╭─ Data extracts
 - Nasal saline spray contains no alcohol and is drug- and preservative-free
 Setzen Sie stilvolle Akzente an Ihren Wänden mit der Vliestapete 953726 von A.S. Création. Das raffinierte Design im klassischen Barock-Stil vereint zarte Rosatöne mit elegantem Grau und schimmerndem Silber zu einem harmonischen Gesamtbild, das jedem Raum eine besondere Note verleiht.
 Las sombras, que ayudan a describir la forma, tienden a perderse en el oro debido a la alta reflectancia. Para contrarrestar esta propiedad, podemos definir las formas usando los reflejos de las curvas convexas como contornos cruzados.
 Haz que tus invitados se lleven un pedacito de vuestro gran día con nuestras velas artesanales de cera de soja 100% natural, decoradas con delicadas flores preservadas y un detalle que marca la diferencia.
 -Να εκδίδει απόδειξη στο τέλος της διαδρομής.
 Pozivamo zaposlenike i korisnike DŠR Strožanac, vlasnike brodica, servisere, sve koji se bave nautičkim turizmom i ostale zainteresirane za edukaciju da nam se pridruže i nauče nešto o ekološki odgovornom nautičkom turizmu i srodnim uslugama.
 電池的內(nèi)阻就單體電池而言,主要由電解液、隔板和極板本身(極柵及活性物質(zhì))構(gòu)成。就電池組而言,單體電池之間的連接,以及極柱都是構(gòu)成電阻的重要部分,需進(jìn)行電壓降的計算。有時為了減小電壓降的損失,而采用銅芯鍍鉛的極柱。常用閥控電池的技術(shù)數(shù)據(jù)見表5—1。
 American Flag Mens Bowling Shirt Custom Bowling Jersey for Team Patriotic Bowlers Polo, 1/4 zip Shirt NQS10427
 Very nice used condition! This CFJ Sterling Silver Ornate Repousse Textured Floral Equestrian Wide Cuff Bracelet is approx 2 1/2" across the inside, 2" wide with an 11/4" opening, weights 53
╰─
╭─ Data extracts
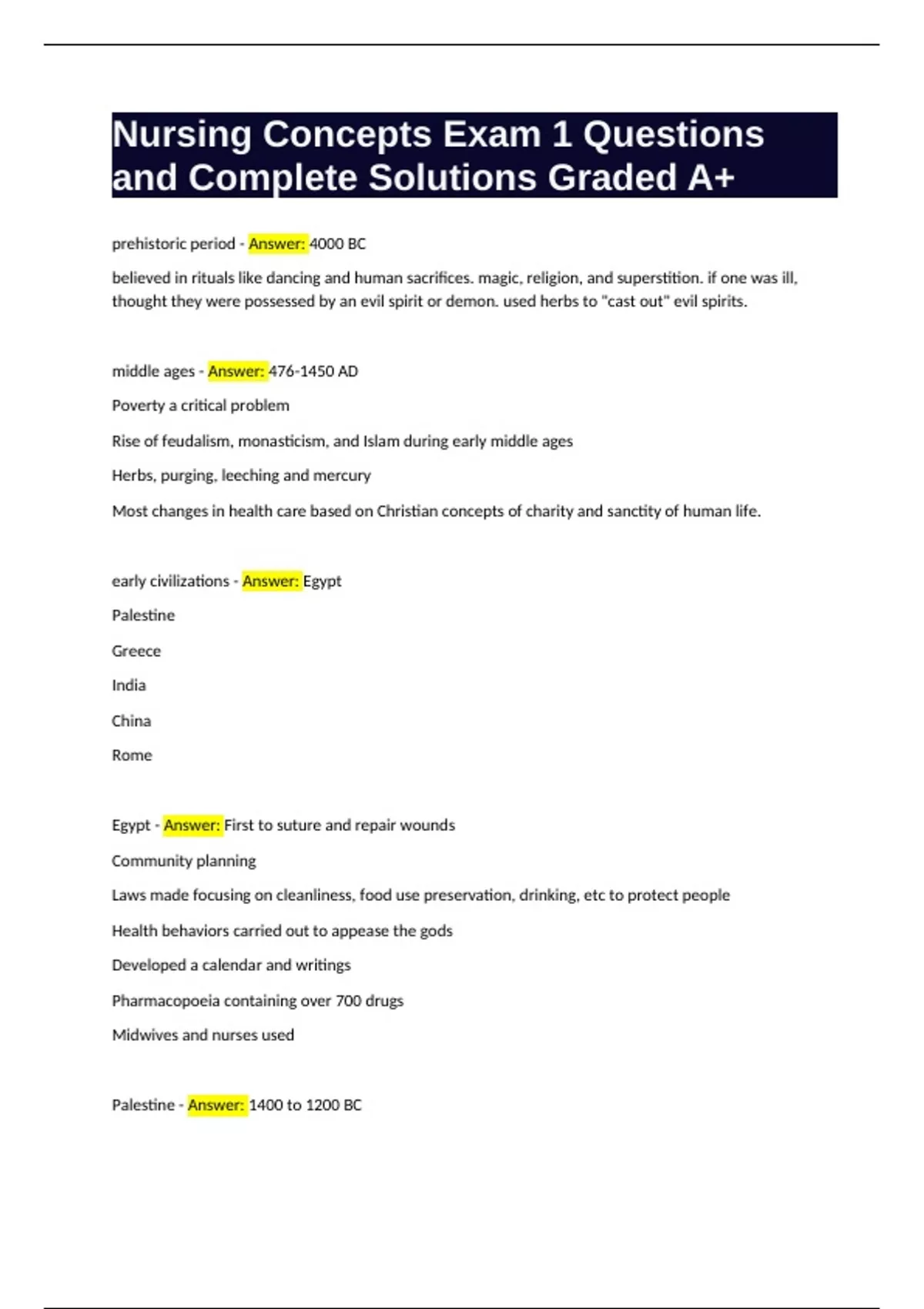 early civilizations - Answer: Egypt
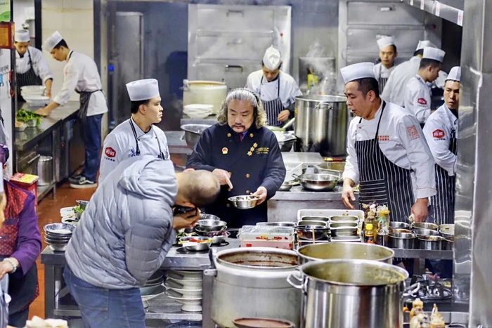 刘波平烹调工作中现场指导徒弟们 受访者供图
╰─
◆ **Your objective**
Where the line holding "Haz que tus" appears in the listing above, start reproducing exactly, and end with the line holding "-Να εκδίδει απόδειξη".

◆ **Reply to the task**
 Haz que tus invitados se lleven un pedacito de vuestro gran día con nuestras velas artesanales de cera de soja 100% natural, decoradas con delicadas flores preservadas y un detalle que marca la diferencia.
 -Να εκδίδει απόδειξη στο τέλος της διαδρομής.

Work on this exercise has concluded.